Background
Van De Velde was born on April 3, 1795, near Termonde, Belgium, of a family of some social and political importance.
Van De Velde was born on April 3, 1795, near Termonde, Belgium, of a family of some social and political importance.
Schooled in the home of an aunt in Saint-Armand who sheltered a proscribed priest-tutor, the boy was later enrolled in a boarding school at Ghent. Thereafter he taught French and Flemish at Puers and at a college in Mechlin, where he also studied theology in the seminary.
Aroused by a patriotic disgust at Belgium's domination by Holland in the forced union decreed by the Congress of Vienna, Van de Velde was studying English and Italian with the object of going either to England or to Italy, when Charles Nerinckx, in quest of Belgian priests, induced him to accompany him back to America in 1817.

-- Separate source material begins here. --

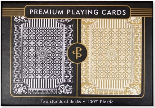 Karty do gry Czarne/Złote marki Peter Pauper Press. Symbole figur i kolorów mają duże i czytelne oznaczenia. Idealne dla miłośników gier Poker i Black Jack. Karty są bardzo trwałe i wytrzymałe na zagięcia (wykonane w 100% z plastiku). W atrakcyjnym opakowaniu znajdują się dwie talie, każda z nich zawiera 52 kart oraz 2 jokery. Awers ozdobia klasyczny wzór europejski.

At Georgetown College, the young Belgian entered the Society of Jesus, and both taught in the college and followed courses in theology.
Ordained by Archbishop Ambrose Marechal on September 25, 1827, James served about four years as chaplain at the Visitation Convent and attended missions in Montgomery County, Maryland. In 1831, he was ordered to St. Louis University, where he became vice-president (1833) and president (1840 - 43).

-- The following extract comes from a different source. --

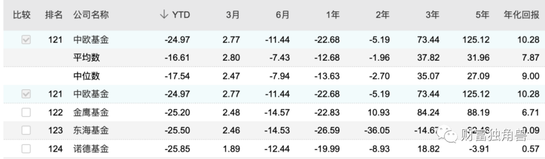 另外,中欧基金旗下股票型基金产品今年以来收益率为-24.97%,在所有股票型类基金公司中排名倒数第四(121/124)。

Four years after taking his solemn vows, he represented the vice-province of Missouri in the congregation of procurators of the Society assembled at Rome (1841) and came to know Pope Gregory XVI. As vice-provincial of Missouri (1843 - 48), he erected several churches, fostered the Jesuit missions of the far West, built an enlarged novitiate for the growing Society, and represented the province at the Sixth Council of Baltimore (1846).

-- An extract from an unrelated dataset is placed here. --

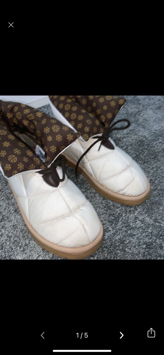Beyaz renkte, gri bant detaylı, dolgu topuklu ve tokalı kadın botları. Sonda hafif lekesi vardır ama göze batmıyor uğraşılırsa belki geçer

In 1848, when he was procurator and socius to the vice-provincial, he was named a successor to Bishop William Quarter of Chicago, with the command to accept the undesired honor. Consecrated by Archbishop Peter Richard Kenrick at St. Louis, Van de Velde undertook the burden, which was aggravated by the apparent hostility of some Irish priests who wanted neither a Jesuit nor a Belgian ordinary, regardless of his decided merits and recognized the character as a scholar and self-sacrificing priest.
At Chicago, his tenure was brief and unhappy, yet he succeeded in reviving religion in the old French settlements as an Irishman could not have done, dedicated several churches, and began seventy, several of which were for the recent German immigrants. His first petition to resign and return to his Society was refused by Rome. In 1852, the Council of Baltimore urged him to retain his see and honored him as its emissary to Rome with the decrees of the Council.
Apparently, Rome heard his plea, on July 29, 1853, he was transferred to the quiet diocese of Natchez, although for a time he carried the burden of the dioceses of Chicago and Quincy in addition to his own charge.
Van De Velde died suddenly of yellow fever, which he incurred in attending the stricken.